In general, a v = constant, which means that the volume flux or flow rate remains constant throughout the pipe. In other words, the smaller the cross section, greater will be the velocity of the fluid.
EXAMPLE 7.14 In a normal adult, the average speed of the blood through the aorta (radius r = 0.8 cm) is 0.33 ms–1. From the aorta, the blood goes into major arteries, which are 30 in number, each of radius 0.4 cm.

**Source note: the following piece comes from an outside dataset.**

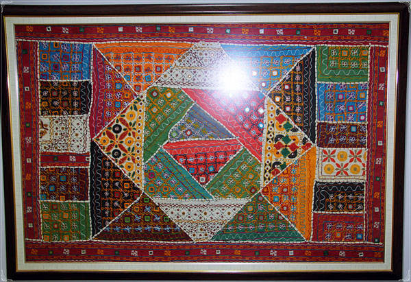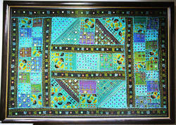 เป็นผ้า india เข้า frame สวยงาม มี 2 frame 1) สีชมพู มีกระจกด้านปิดด้านหน้า 2) สีเขียว ไม่มีกระจกติดด้านหน้า ขนาด ประมาณ 60 * 40 นิ้ว ราคา Frame ละ 5,000 บาท

Calculate the speed of the blood through the arteries.
Solution
\[a_1 v_1 = 30\ a_2 v_2 ⇒ π r_1^{2} v_1 = 30 π r_2^{2} v_2 \] \[v_2 = \frac{1}{30} (\frac{r_1}{r_2})^{2} v_1\] \[⇒ v_2 = \frac{1}{30} \times (\frac{0.8 \times {10}^{-2}m}{0.4 \times {10}^{-2}m})^{2} \times ({0.33 ms^{-1}})\] \[v_2 =0.044 ms^{-1}\]Pressure, kinetic and potential energy of liquids
A liquid in a steady flow can possess three kinds of energy. They are (1) Kinetic energy, (2) Potential energy, and (3) Pressure energy, respectively.
- Kinetic energy: The kinetic energy of a liquid of mass m moving with a velocity v is given by
The kinetic energy per unit mass = \[\frac{KE}{m} = \frac{\frac{1}{2} mv^{2}}{m} = \frac{1}{2}v^{2}\]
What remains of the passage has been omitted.